那是两个月前了,现在他们站在屋顶的寒风中,那扇窗子成了他们唯一的希望。「该死的,」他咕哝道,他的头好痛,「告诉我怎麽做就好了,我会破解的。」
「太难了。」裘德说。此时他们已经忘记马尔科姆和杰比也站在旁边,看著他们,杰比难得没开口。「我没办法解释。」
「是,我知道你认为我是个他妈的智障。不过如果你用简单的话解说,我听得懂的。」他凶巴巴地说。
「威廉,」裘德惊讶地说,然后顿了一下,「我不是这个意思。」
「我知道。」他说,「对不起,我知道。」他深吸一口气,「就算我们要用这个办法好了——我实在觉得不应该——那我们要怎麽把你放下去?」
屋顶边缘的四周环绕著一道高至小腿的平顶矮牆。裘德走到屋顶边,往下看著牆。「我面朝外坐在这道牆上,就在防火梯正上方。」他说,「然后你和杰比两个人坐在牆裡头,一人抓住我一隻手,把我慢慢放下去。等到没办法再往下放了,就鬆手,让我跳下去。」
他大笑,这计划听起来又冒险又愚蠢:「如果我们成功了,你要怎麽够到卧室的窗子?」
裘德看著他:「你们只好相信我能做到了。」
「这太蠢了。」
杰比插嘴了:「威廉,这是唯一的方案了。这裡他妈的冷死了。」
的确,他是靠著怒气才保持温暖的。「杰比,你没发现他有一整隻手臂都他妈的包著绷带吗?」
「可是威廉,我没事。」裘德抢在杰比开口之前说。
他们两个又吵了十分钟,裘德才大步走到屋顶边缘。「威廉,如果你不帮我,马尔科姆会帮我的。」他说,虽然马尔科姆看起来也很害怕。

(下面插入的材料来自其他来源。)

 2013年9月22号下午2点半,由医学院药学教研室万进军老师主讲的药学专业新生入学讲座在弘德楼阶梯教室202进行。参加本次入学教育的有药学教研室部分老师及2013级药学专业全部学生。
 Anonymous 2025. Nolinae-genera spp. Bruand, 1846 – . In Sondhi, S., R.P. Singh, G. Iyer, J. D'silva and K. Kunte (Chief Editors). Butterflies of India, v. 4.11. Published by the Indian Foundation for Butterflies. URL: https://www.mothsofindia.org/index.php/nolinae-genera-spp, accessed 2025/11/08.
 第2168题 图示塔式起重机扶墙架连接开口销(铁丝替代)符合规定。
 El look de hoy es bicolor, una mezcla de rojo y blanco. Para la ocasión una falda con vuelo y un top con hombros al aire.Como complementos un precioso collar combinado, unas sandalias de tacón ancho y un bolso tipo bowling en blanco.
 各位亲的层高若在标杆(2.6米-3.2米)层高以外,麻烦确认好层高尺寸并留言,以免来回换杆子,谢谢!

「不。」威廉说,「我会帮你。」于是他和杰比跪下来,身体靠著矮牆,用双手各抓住裘德的一隻手。此时他的手指已经冻得快麻痺了,几乎感觉不到手指底下裘德的手掌。他握的是裘德的左手,唯一能感觉到的就是厚厚的绷带。当他用力握紧时,安迪的脸浮现在眼前,害他羞愧得想吐。
裘德的身子翻出了矮牆。马尔科姆轻轻呻吟一声,听起来像尖叫。威廉和杰比的身子儘可能往下探,直到他们自己也快要翻下去。此时裘德叫他们放手,他们照做,然后看著他哗的一声落在下方防火梯的铁栅平台上。

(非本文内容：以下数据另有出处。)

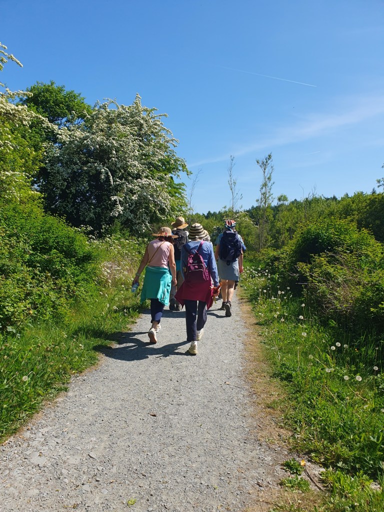 What a beautiful day we had for our walk today on the Blessington Greenway from AvonRí to Russborough and back . We included the Woodland walk, to see the rhododendrons as well as the walled garden, where some of us were encouraged to take bunches of the very plentiful rhubarb. Twenty three people did the walk.
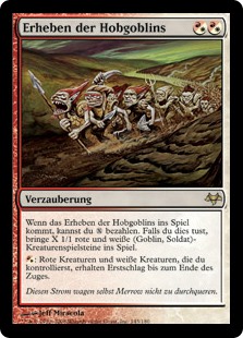 | Rules | When Rise of the Hobgoblins enters the battlefield, you may pay . If you do, create X 1/1 red and white Goblin Soldier creature tokens. : Red creatures and white creatures you control gain first strike until end of turn. |
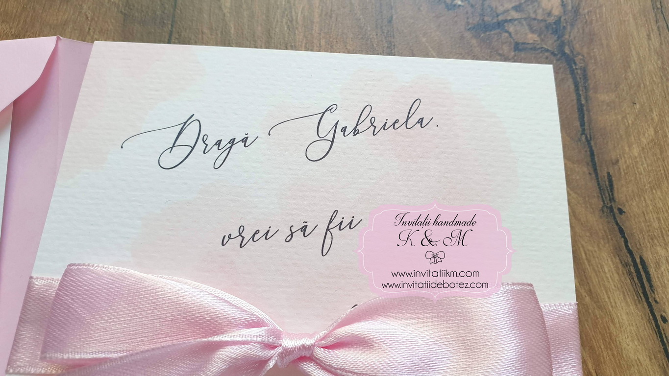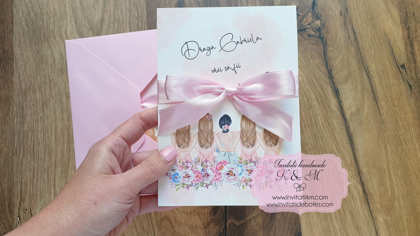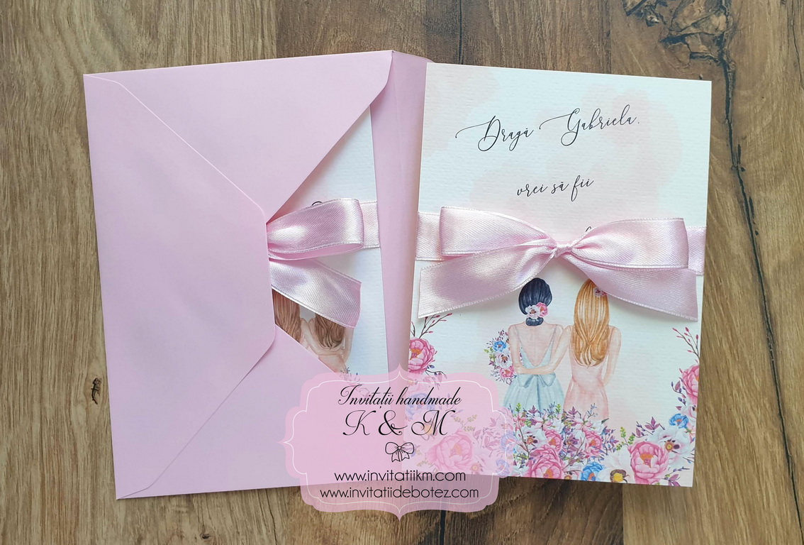 Invitatii pentru domnisoarele de onoare realizate din carton gros alb texturat, accesorizate cu fundita si plic colorat asortat, personalizate cu numele fiecarei domnisoare. Culorile se pot modifica in functie de preferinte (culori flori, par, fundite, plicuri), la fel si numarul domnisoarelor.
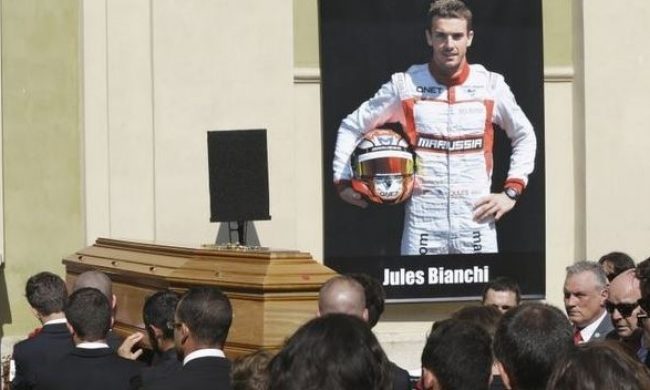 Sicriul cu trupul neînsufleţit al lui Bianchi a fost dus în catedrala Sainte Réparate de tineri piloţi, "fraţii săi de cursă", aşa cum i-a numit preotul Sylvain Brison.
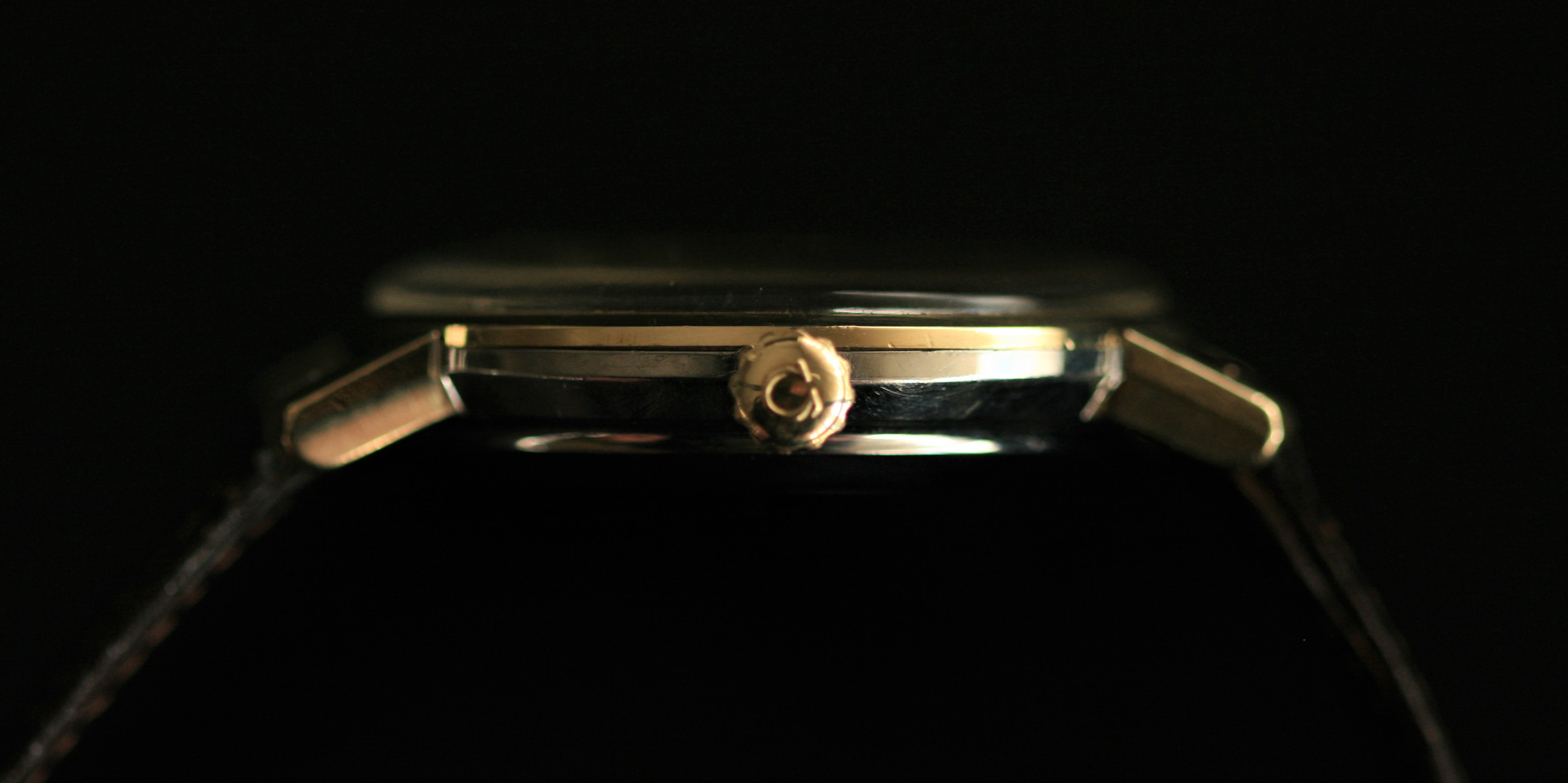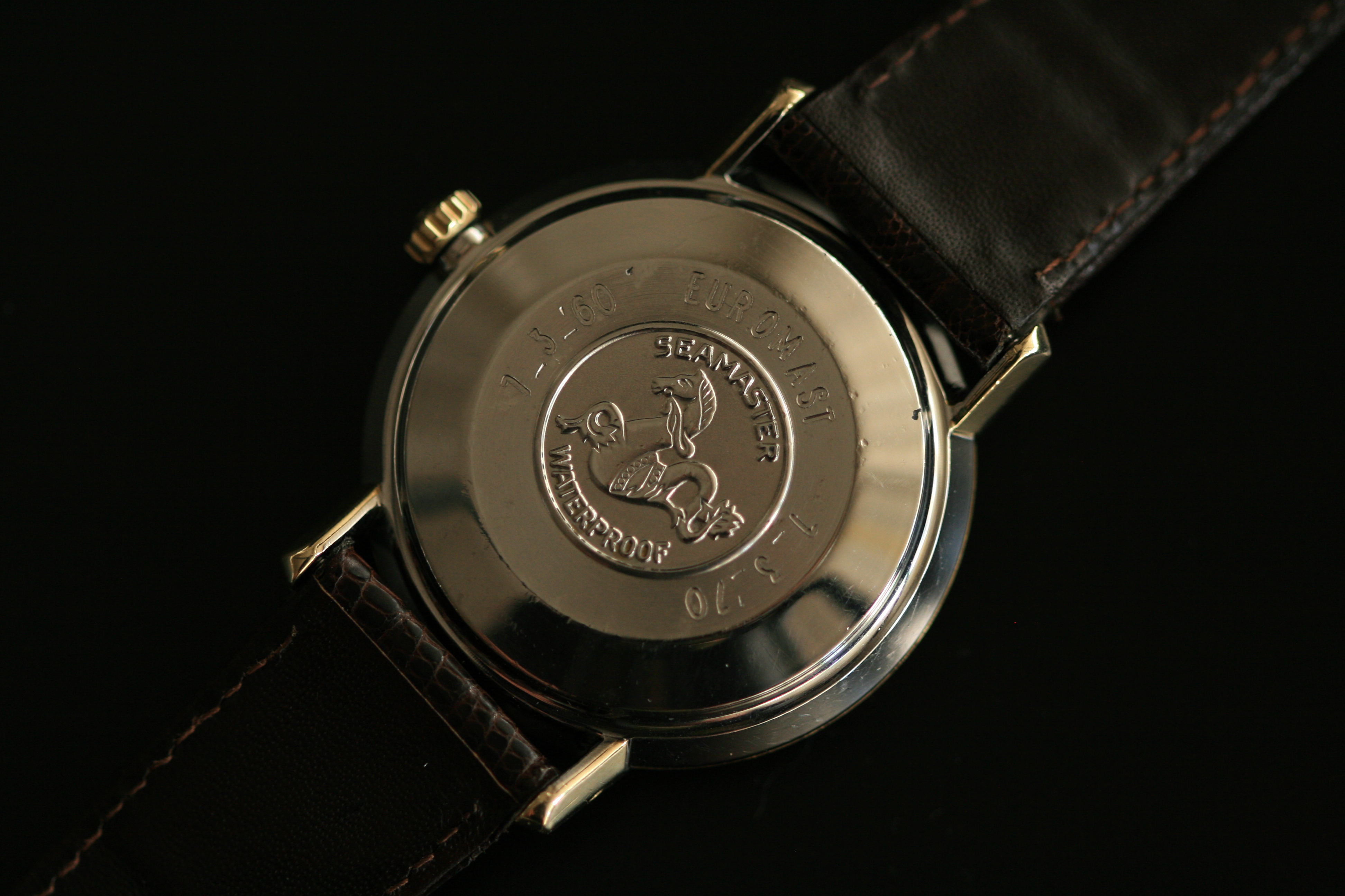 The gold top case is in very good shape with the original scallop crown and a well defined Seamonster on the case back. There is a light engraving which offers some provenance to the watch and it has an Omega signed crystal.

杰比欢呼,威廉很想赏他一巴掌。「我没事!」裘德往上朝他们喊,同时举起包著绷带的手,像一面旗子一样挥舞著,然后走到防火梯平台的边缘,爬到栏杆上,开始破解窗子上的那个机关。他的双腿紧紧缠绕著一根栏杆,但那个姿势很危险,威廉看到他微微摇晃,想保持平衡,手指在寒风中缓缓移动著。
「把我也放下去。」他对马尔科姆和杰比说,没理会马尔科姆焦急的抗议。他先往下喊,通知裘德自己要下去,免得破坏他的平衡,然后便翻过屋顶边缘的矮牆。
落下去比他想的更可怕,摔得也比他预期的更重,但他很快就起身,赶到裘德旁边,双手环抱住他的腰,一腿钩著栏杆撑住自己。「我抓住你了。」他说。裘德倾斜身子探出栏杆,超过了原先他独自能够到的距离。威廉把他抱得好紧,都可以感觉到他毛衣底下的一节节脊椎,他呼吸时腹部的起伏,透过肌肉可以感受到他的手指正扭动著,试图解开固定著窗框的铁丝。等到他解开来,威廉爬到栏杆上,先进入卧室,然后伸出双臂把裘德拉进去,同时留意不要碰到他的绷带。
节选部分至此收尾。